> _Aim of the task_
Once the line holding "Gern können Sie" is found in the listing below, write it out and each later line exactly, up to and including the one holding "Stufa a legna".

> _Study material_
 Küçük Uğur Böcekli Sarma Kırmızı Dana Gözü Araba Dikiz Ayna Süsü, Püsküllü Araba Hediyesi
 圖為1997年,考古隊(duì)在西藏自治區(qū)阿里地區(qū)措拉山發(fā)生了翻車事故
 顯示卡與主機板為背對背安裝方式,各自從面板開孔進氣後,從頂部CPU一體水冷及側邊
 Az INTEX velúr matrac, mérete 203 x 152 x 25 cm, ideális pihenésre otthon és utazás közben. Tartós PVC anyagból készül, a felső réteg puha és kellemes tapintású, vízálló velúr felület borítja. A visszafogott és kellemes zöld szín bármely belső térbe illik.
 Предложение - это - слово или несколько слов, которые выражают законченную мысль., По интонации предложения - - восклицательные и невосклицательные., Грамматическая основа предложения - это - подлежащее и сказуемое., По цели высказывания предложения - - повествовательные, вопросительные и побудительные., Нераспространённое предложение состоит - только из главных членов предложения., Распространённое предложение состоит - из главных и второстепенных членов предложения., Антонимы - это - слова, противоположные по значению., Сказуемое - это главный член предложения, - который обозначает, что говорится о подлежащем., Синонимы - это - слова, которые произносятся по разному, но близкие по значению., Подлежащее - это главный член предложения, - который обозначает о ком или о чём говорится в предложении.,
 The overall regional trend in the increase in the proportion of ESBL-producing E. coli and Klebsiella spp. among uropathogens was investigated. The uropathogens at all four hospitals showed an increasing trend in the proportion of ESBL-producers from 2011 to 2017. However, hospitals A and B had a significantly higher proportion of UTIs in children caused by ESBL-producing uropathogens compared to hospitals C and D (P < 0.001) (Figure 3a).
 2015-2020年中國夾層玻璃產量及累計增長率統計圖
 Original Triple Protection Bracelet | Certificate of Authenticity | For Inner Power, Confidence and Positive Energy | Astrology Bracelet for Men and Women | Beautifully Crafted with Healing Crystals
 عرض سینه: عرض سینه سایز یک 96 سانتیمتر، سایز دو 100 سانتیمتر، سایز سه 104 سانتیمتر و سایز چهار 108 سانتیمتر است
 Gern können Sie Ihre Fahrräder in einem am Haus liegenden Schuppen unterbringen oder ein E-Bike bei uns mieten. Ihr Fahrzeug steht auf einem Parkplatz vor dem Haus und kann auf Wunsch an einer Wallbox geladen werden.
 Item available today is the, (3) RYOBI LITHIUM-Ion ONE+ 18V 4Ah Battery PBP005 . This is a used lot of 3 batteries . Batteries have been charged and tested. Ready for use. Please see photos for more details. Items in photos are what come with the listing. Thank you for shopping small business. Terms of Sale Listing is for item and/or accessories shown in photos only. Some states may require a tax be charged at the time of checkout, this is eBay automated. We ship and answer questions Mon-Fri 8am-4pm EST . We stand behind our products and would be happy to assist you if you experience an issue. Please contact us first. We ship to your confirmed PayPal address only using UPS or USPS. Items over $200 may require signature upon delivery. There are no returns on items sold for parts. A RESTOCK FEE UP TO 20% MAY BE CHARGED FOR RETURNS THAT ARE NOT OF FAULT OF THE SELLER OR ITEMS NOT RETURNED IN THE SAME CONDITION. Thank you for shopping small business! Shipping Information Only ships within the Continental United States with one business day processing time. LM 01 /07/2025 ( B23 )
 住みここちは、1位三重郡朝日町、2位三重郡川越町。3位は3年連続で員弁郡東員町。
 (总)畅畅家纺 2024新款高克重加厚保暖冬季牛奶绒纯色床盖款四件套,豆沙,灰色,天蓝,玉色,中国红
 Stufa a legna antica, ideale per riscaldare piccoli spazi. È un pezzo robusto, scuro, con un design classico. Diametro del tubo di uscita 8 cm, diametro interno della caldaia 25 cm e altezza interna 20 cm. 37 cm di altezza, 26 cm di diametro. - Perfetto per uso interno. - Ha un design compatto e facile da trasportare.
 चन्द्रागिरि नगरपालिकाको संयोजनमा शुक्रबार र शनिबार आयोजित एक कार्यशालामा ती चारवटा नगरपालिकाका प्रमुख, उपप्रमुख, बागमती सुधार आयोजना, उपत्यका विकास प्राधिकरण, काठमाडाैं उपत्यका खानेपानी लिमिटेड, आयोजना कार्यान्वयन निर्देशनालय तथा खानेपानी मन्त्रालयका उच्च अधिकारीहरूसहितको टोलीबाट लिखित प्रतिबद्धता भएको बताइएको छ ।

> _Output of the exercise_
 Gern können Sie Ihre Fahrräder in einem am Haus liegenden Schuppen unterbringen oder ein E-Bike bei uns mieten. Ihr Fahrzeug steht auf einem Parkplatz vor dem Haus und kann auf Wunsch an einer Wallbox geladen werden.
 Item available today is the, (3) RYOBI LITHIUM-Ion ONE+ 18V 4Ah Battery PBP005 . This is a used lot of 3 batteries . Batteries have been charged and tested. Ready for use. Please see photos for more details. Items in photos are what come with the listing. Thank you for shopping small business. Terms of Sale Listing is for item and/or accessories shown in photos only. Some states may require a tax be charged at the time of checkout, this is eBay automated. We ship and answer questions Mon-Fri 8am-4pm EST . We stand behind our products and would be happy to assist you if you experience an issue. Please contact us first. We ship to your confirmed PayPal address only using UPS or USPS. Items over $200 may require signature upon delivery. There are no returns on items sold for parts. A RESTOCK FEE UP TO 20% MAY BE CHARGED FOR RETURNS THAT ARE NOT OF FAULT OF THE SELLER OR ITEMS NOT RETURNED IN THE SAME CONDITION. Thank you for shopping small business! Shipping Information Only ships within the Continental United States with one business day processing time. LM 01 /07/2025 ( B23 )
 住みここちは、1位三重郡朝日町、2位三重郡川越町。3位は3年連続で員弁郡東員町。
 (总)畅畅家纺 2024新款高克重加厚保暖冬季牛奶绒纯色床盖款四件套,豆沙,灰色,天蓝,玉色,中国红
 Stufa a legna antica, ideale per riscaldare piccoli spazi. È un pezzo robusto, scuro, con un design classico. Diametro del tubo di uscita 8 cm, diametro interno della caldaia 25 cm e altezza interna 20 cm. 37 cm di altezza, 26 cm di diametro. - Perfetto per uso interno. - Ha un design compatto e facile da trasportare.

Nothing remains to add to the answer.